I Am Scared
I am so scared
5 months ago, I weighed 260 pounds. It hurt to sleep. It hurt to sit for a long time. It hurt to stand for a long time. My knees winced at the prospect of descending the stairs in my new home. Running hurt. Cycling hurt. Taekwondo was embarrassing (at 260 pounds, I was a bit of an immovable object to the bony young people in my class).
What’s worse is being 260 pounds basically took any chance I had of passing my Air Force PT test down to zero. I was about to rack up my fourth failure in two years – a kiss of death for my 17 year career in the Air National Guard. The real tragedy would not have been giving up a commission that I had gone way out of my comfort zone to earn. No, it would have been tragic because I would lose my very affordable medical benefits – benefits that allow me to affordably care for my type 1 diabetic son.
It would have been tragic, but then, a solution presented itself. A Facebook friend from a Rush fan page who posts about being some sort of “health coach” posted a an old picture in his Army greens wearing Captain’s bars on his shoulders. He had been a fat captain like me. I reached out to ask about his photo, hoping he would talk to me again about the program he was peddling. Of course, he did!

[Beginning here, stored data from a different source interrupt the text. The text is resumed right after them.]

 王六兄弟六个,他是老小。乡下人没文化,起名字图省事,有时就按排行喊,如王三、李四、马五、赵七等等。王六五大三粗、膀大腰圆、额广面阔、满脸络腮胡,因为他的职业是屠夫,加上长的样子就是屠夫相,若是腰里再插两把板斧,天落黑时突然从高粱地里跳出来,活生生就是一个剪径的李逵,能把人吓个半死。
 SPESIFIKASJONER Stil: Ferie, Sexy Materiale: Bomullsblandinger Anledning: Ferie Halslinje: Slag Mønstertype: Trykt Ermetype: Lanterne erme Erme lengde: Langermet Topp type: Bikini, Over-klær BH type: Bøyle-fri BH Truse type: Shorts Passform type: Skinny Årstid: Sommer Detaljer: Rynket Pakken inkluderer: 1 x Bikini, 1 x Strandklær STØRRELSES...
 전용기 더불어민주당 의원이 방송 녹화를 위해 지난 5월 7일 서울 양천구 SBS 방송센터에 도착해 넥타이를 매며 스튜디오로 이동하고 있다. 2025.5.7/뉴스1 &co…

In five months, I have, quickly but gently, lost 70 pounds. At month 3, I took my PT test, and scored a 94 – an excellent! The only excellent I have ever gotten on my PT test.

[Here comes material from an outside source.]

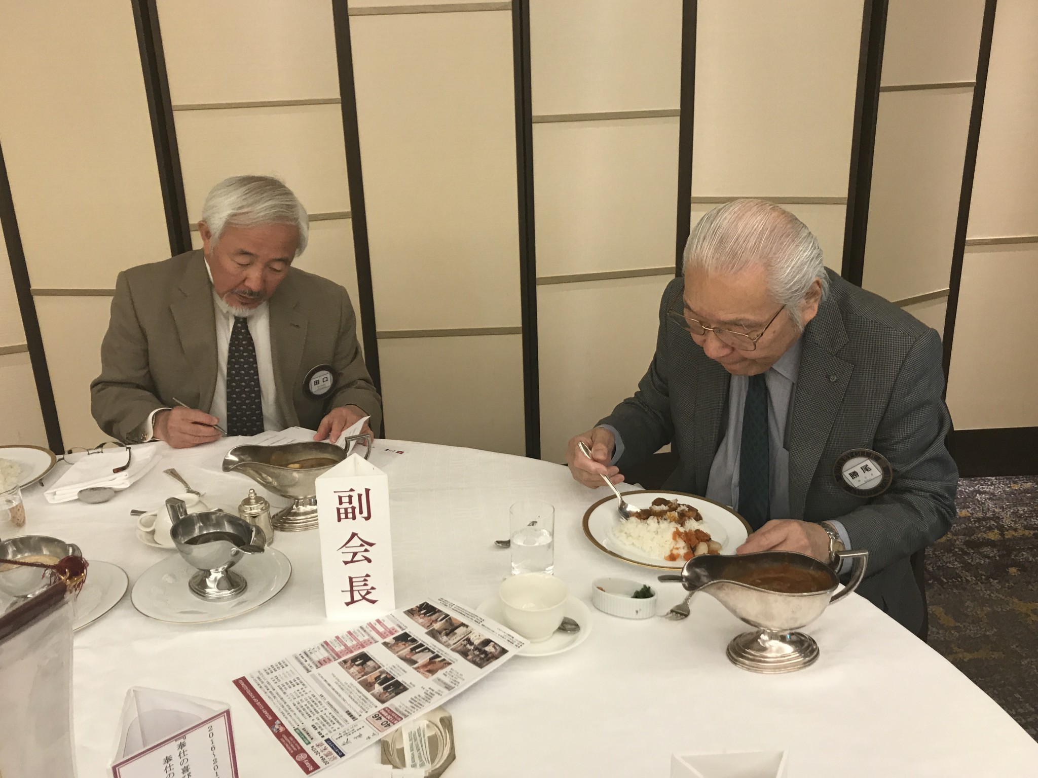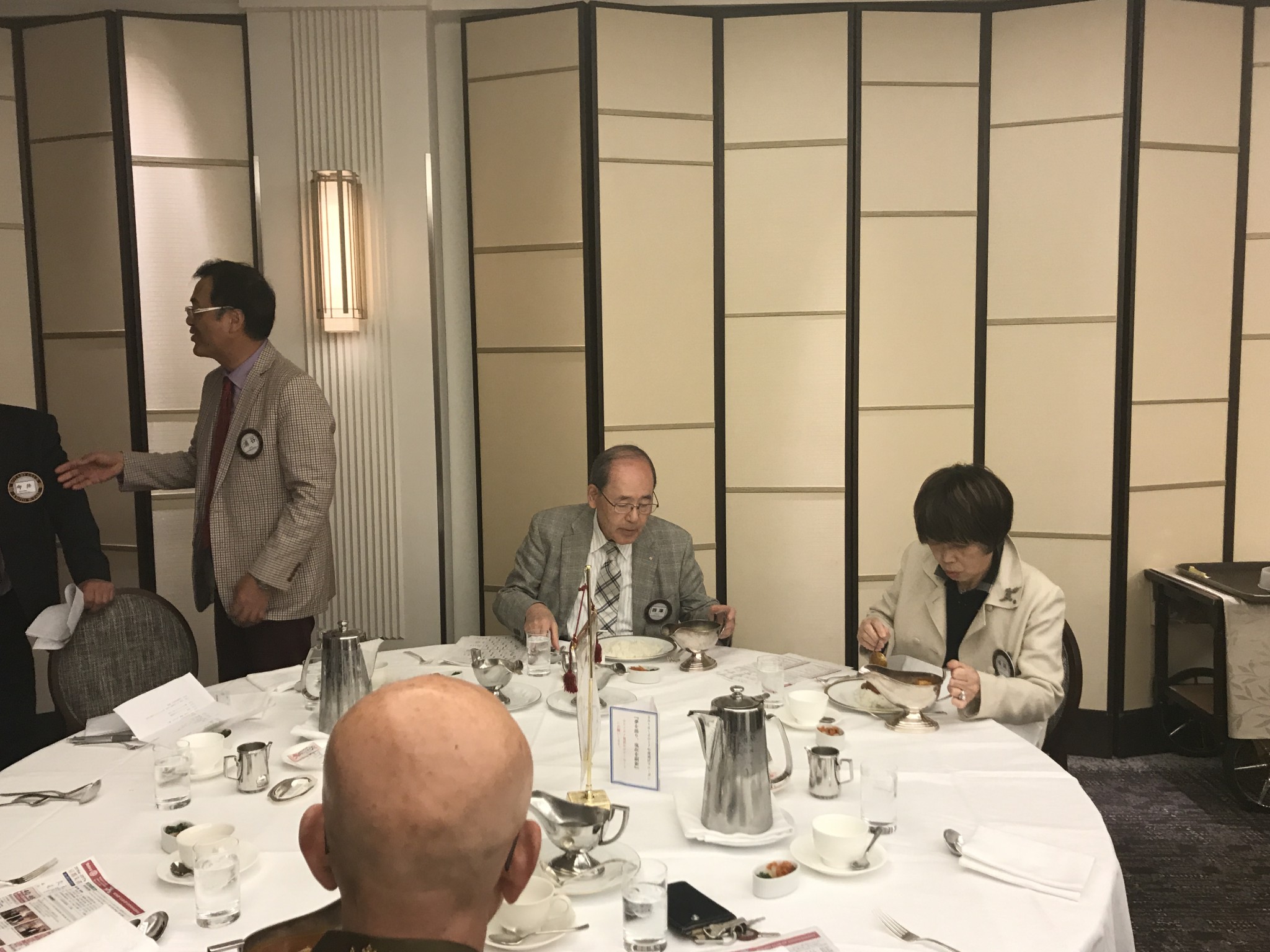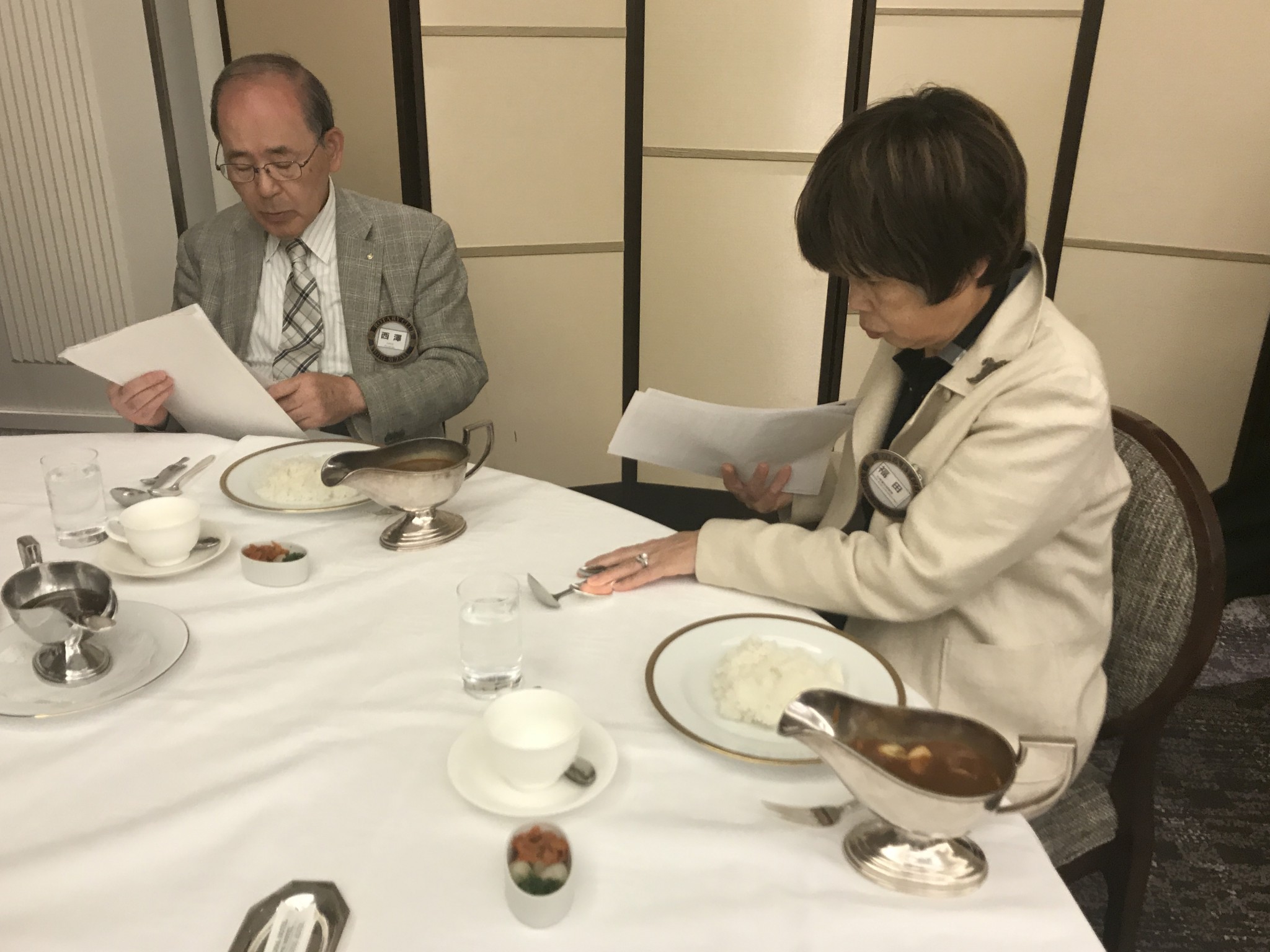 例会前、親睦委員がゲストのお迎えをしています。

My military career is safe for now, but I am scared. I look freaking awesome, but I am scared. I can fit clothes I’ve not been able to fit for 15 years, but I am scared.
While on this program, I learned what healthy eating looks like. The weight loss portion of the program uses some nutritionally very well-balanced pre-packaged foods to make it easy. The next step is a transition back to eating more regular food, then maintenance. The maintenance is what scares me.

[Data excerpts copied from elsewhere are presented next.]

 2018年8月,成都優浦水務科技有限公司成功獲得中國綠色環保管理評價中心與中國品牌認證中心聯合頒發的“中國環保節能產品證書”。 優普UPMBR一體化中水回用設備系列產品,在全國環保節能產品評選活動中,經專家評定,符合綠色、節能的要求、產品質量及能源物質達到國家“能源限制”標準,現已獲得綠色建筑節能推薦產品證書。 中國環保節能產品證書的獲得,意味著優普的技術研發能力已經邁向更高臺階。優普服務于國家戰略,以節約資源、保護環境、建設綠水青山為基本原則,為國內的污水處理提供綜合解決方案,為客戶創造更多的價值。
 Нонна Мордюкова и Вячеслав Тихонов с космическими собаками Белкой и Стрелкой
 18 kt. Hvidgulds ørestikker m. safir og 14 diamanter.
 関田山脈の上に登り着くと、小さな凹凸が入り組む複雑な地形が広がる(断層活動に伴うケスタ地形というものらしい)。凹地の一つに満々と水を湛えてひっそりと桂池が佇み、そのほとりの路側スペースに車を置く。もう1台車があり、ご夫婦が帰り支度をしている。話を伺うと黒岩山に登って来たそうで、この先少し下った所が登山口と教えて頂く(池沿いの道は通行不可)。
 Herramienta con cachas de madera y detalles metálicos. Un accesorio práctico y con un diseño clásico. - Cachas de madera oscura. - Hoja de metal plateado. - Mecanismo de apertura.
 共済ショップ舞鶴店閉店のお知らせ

My coach suggests that becoming a coach on the program helps people maintain their new healthy lifestyle by forcing to lead by example. I’m sure it works. I tried it briefly, but it’s not for me. I don’t have the time to be effective at it, and some of the cheerleader/salesman tactics don’t align with my values. I’ll have to find accountability elsewhere.
I don’t want to ever gain that weight back. I want to get even healthier. I must! I must never return to eating like I did before. I must eat real, natural foods by default. I must not ever, ever, ever, ever even take one bite of candy. That would be like a recovering heroin addict shooting up just once for old time’s sake.
One side-effect of my health journey is that some of the strategies they taught on the program have allowed me to be more effective at another journey I have embarked on – minimalism. The more I learn about minimalism, the more I am finding out that healthy eating and movement align perfectly with the message of simple living.
I know how to do this. I’m doing it now. Can I keep doing it? God, I hope so, because the alternative scares the shit out of me.